** WORK INSTRUCTION **
Word for word, output the data, with none of its pictures.

** DATA EXCERPT **
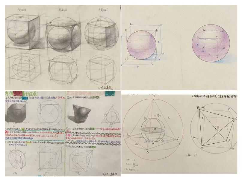 活动要求从六种图形中至少选取两种进行绘制。有的同学运用精准流畅的线条,清晰地勾勒出两者正方体的内切球与外接球之间的位置关系;有的同学则将目光投向正四面体的棱切球与外接球,巧妙地借助绚丽缤纷的色彩,凸显出图形强烈的立体感。在创作过程中,学生们不仅深化了对数学知识的理解,还将艺术审美融入其中,赋予了数学图形别样的魅力。
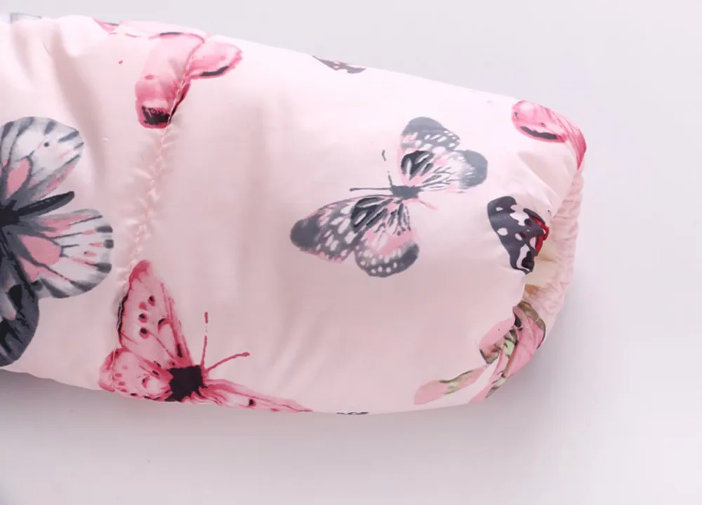 Зимняя теплая куртка с цветочным принтом и бабочками для маленьких мальчиков и девочек ветрозащитное пальто с капюшоном
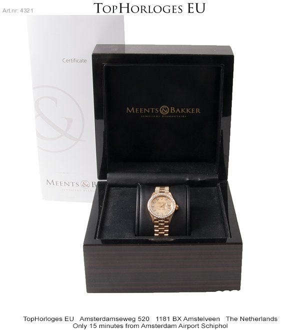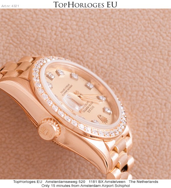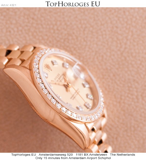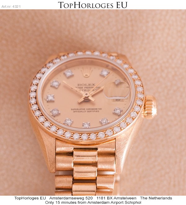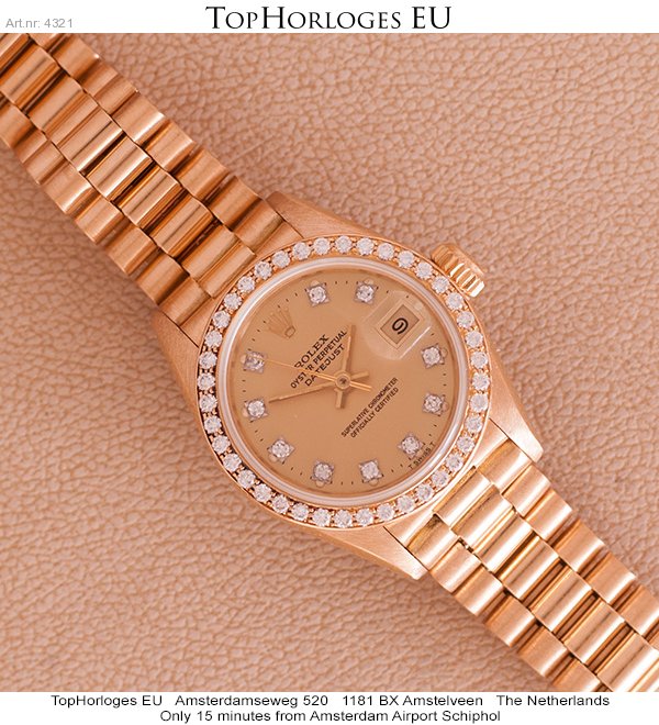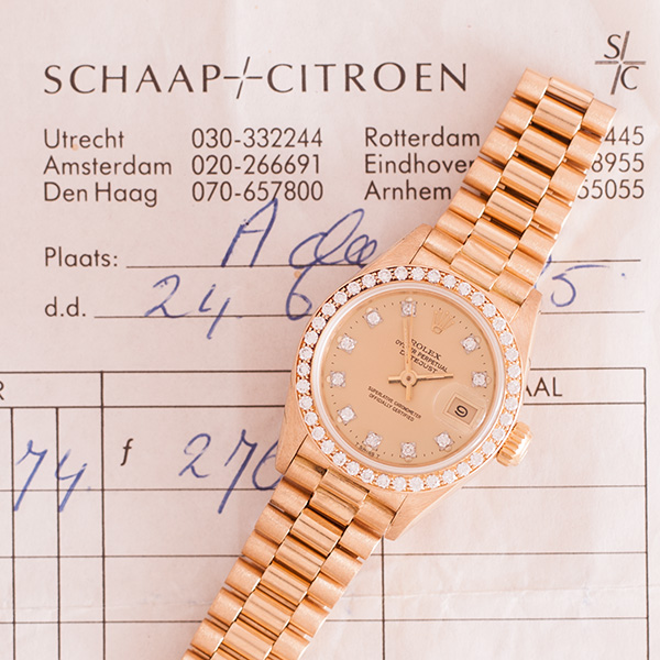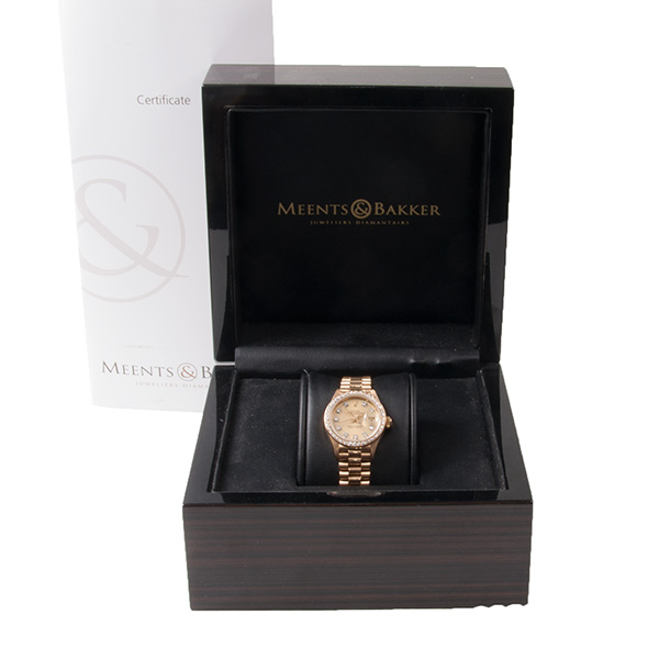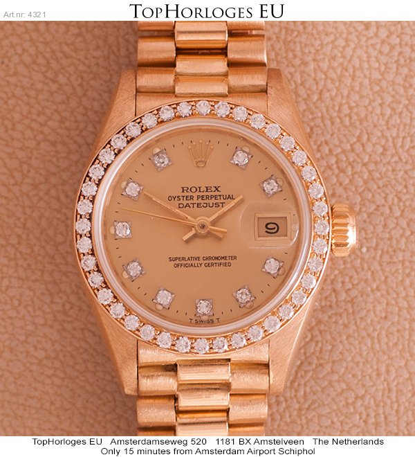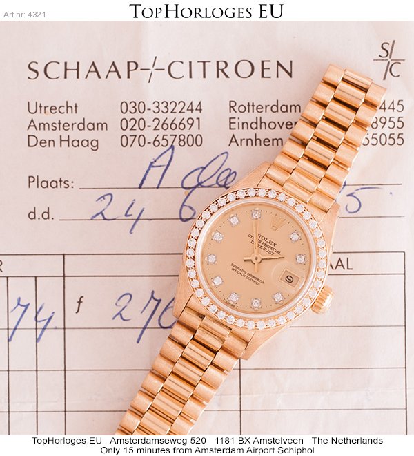 Een 18krt geelgouden dames Rolex. Deze schitterende Datejust uitvoering is door de Rolex fabriek voorzien van een origineel met briljanten bezette lunettte en een wijzerplaat met diamanten index.

** RESULT **
 活动要求从六种图形中至少选取两种进行绘制。有的同学运用精准流畅的线条,清晰地勾勒出两者正方体的内切球与外接球之间的位置关系;有的同学则将目光投向正四面体的棱切球与外接球,巧妙地借助绚丽缤纷的色彩,凸显出图形强烈的立体感。在创作过程中,学生们不仅深化了对数学知识的理解,还将艺术审美融入其中,赋予了数学图形别样的魅力。
 Зимняя теплая куртка с цветочным принтом и бабочками для маленьких мальчиков и девочек ветрозащитное пальто с капюшоном
 Een 18krt geelgouden dames Rolex. Deze schitterende Datejust uitvoering is door de Rolex fabriek voorzien van een origineel met briljanten bezette lunettte en een wijzerplaat met diamanten index.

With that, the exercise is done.